**Exercise data**.
==========

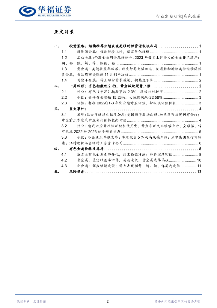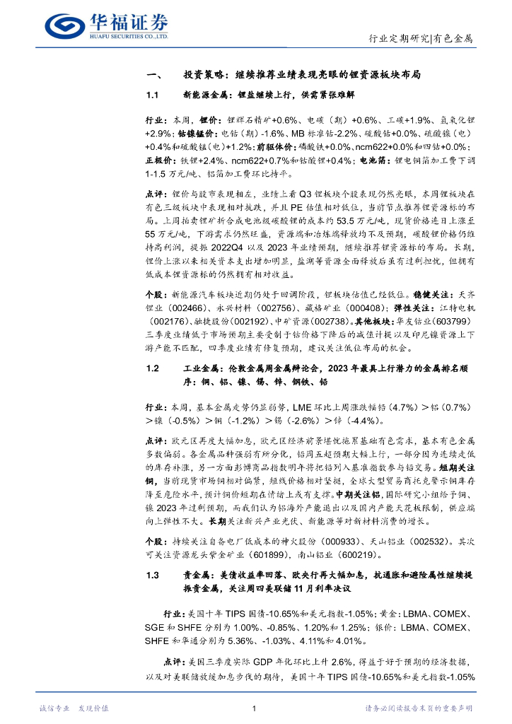 华福证券:有色金属行业周报:首推具有业绩增长的锂标的布局;其次关注周四美联储利率决议,贵金属板块仍有交易价值.pdf
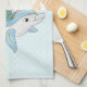 Kitchen towel with an adorable illustration. Designed with a pretty mermaid girl riding a happy dolphin. A little jellyfish friend accompanies them. Decorated with little splatters of faux gold glitter. Light blue background with faded pink polka dots.
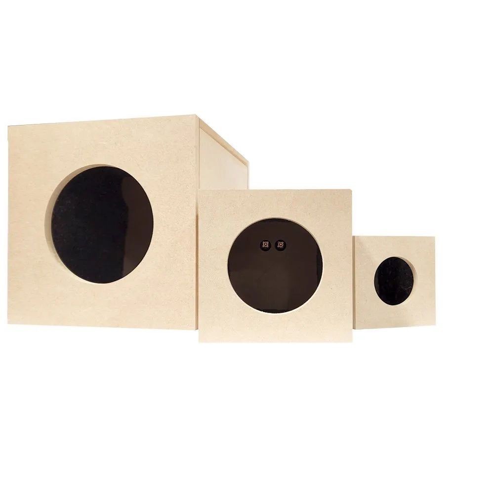 また、自由度が高いというのはこれらの商品は板材のみもしくは組み立てエンクロージャーのみのため、ユニットはもちろんのこと、ターミナル、端子、内部配線、吸音材はご自身で選定する必要があります。
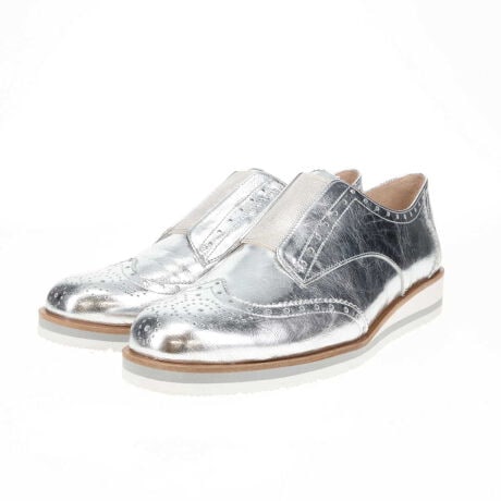 メンズ調のテーラードスタイルにぬけ感のある女性らしさを組み合わせたシューレースのない甲ゴム仕様のスリッポン。
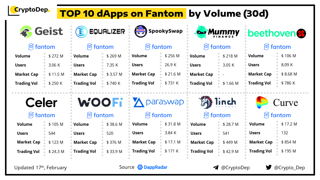 A decentralized application (dApp) is a program built on blockchain that combines a smart contract and a front-end user interface. We present the top dApps on #Fantom by volume in the last 30 days, according to the data from DappRadar.
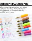 - 8 COLOR PRIMA STICK PEN. Stick Pens come in an assortment of 8 colors; Actual Colors May Vary! Medium ball point spreads ink evenly as you write, offering dependable performance.
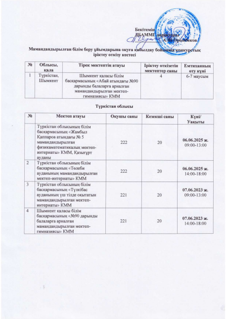 26 май 2025 0 1 2 3 4 5 Мамандандырылған білім беру ұйымдарына оқуға қабылдау бойынша конкурстық іріктеу өткізу кестесі
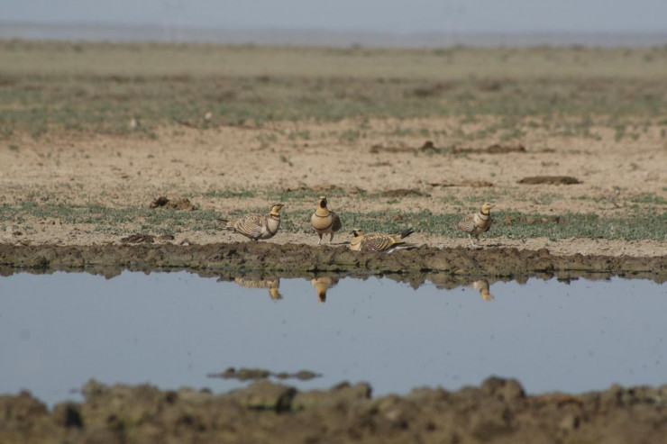 Вместе с розовыми стаями в заповеднике несложно найти редкую гнездящуюся перелетную птицу кречетку (Chettusia gregaria) и два вида жаворонков - черного (Melanocorypha yeltoniensis) и белокрылого (Melanocorypha leucoptera).
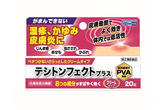 「テシトンフェクトプラスクリーム」は、アンテドラッグステロイドを配合したお薬で、8成分が虫さされのしつこいかゆみや湿疹、かぶれなどに対してしっかりと効きます。
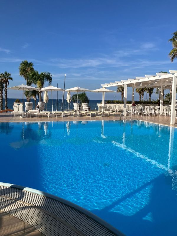 Die Lage ist absolut top, und Pool, Terrasse und Speiseräume sind in elegantem Weiß gehalten. Unser Zimmer war etwas einfacher, aber sehr zweckmäßig, vor allem das Bad.
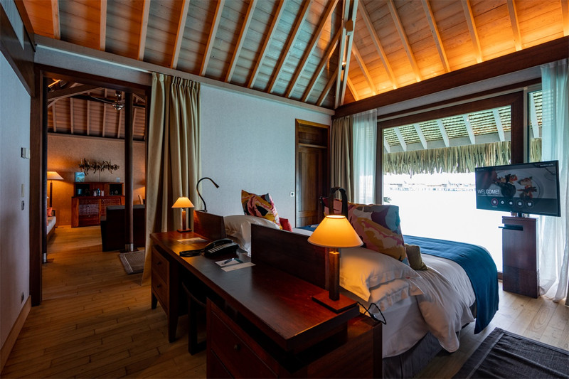 康莱德 波拉波拉岛 酒店的总统套房是整个 波拉波拉岛 最奢华的房间,也是陈思成和佟丽娅大婚时住的套房,这里有 波拉波拉岛 唯一的双层水屋,将你能想象的豪华别墅完整的搬到海面。一晚约十万人民币!
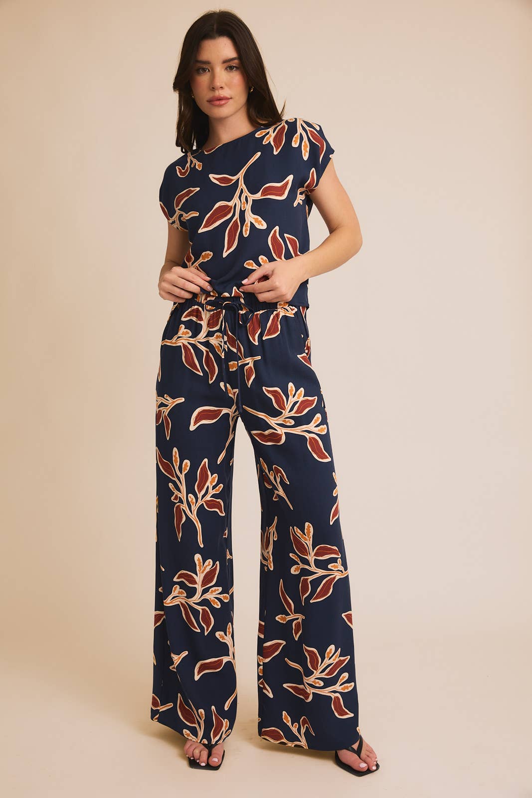 Sway into summer with our Botanic Breeze Pants! These navy-based beauties feature a playful floral print that dances with every step. The breezy wide-leg silhouette offers maximum comfort while keeping you fashion-forward. Perfect for beach strolls, brunches, or wherever the warm weather takes you!

==========

What is needed is an exact copy of every entry, minus the images.

 华福证券:有色金属行业周报:首推具有业绩增长的锂标的布局;其次关注周四美联储利率决议,贵金属板块仍有交易价值.pdf
 Kitchen towel with an adorable illustration. Designed with a pretty mermaid girl riding a happy dolphin. A little jellyfish friend accompanies them. Decorated with little splatters of faux gold glitter. Light blue background with faded pink polka dots.
 また、自由度が高いというのはこれらの商品は板材のみもしくは組み立てエンクロージャーのみのため、ユニットはもちろんのこと、ターミナル、端子、内部配線、吸音材はご自身で選定する必要があります。
 メンズ調のテーラードスタイルにぬけ感のある女性らしさを組み合わせたシューレースのない甲ゴム仕様のスリッポン。
 A decentralized application (dApp) is a program built on blockchain that combines a smart contract and a front-end user interface. We present the top dApps on #Fantom by volume in the last 30 days, according to the data from DappRadar.
 - 8 COLOR PRIMA STICK PEN. Stick Pens come in an assortment of 8 colors; Actual Colors May Vary! Medium ball point spreads ink evenly as you write, offering dependable performance.
 26 май 2025 0 1 2 3 4 5 Мамандандырылған білім беру ұйымдарына оқуға қабылдау бойынша конкурстық іріктеу өткізу кестесі
 Вместе с розовыми стаями в заповеднике несложно найти редкую гнездящуюся перелетную птицу кречетку (Chettusia gregaria) и два вида жаворонков - черного (Melanocorypha yeltoniensis) и белокрылого (Melanocorypha leucoptera).
 「テシトンフェクトプラスクリーム」は、アンテドラッグステロイドを配合したお薬で、8成分が虫さされのしつこいかゆみや湿疹、かぶれなどに対してしっかりと効きます。
 Die Lage ist absolut top, und Pool, Terrasse und Speiseräume sind in elegantem Weiß gehalten. Unser Zimmer war etwas einfacher, aber sehr zweckmäßig, vor allem das Bad.
 康莱德 波拉波拉岛 酒店的总统套房是整个 波拉波拉岛 最奢华的房间,也是陈思成和佟丽娅大婚时住的套房,这里有 波拉波拉岛 唯一的双层水屋,将你能想象的豪华别墅完整的搬到海面。一晚约十万人民币!
 Sway into summer with our Botanic Breeze Pants! These navy-based beauties feature a playful floral print that dances with every step. The breezy wide-leg silhouette offers maximum comfort while keeping you fashion-forward. Perfect for beach strolls, brunches, or wherever the warm weather takes you!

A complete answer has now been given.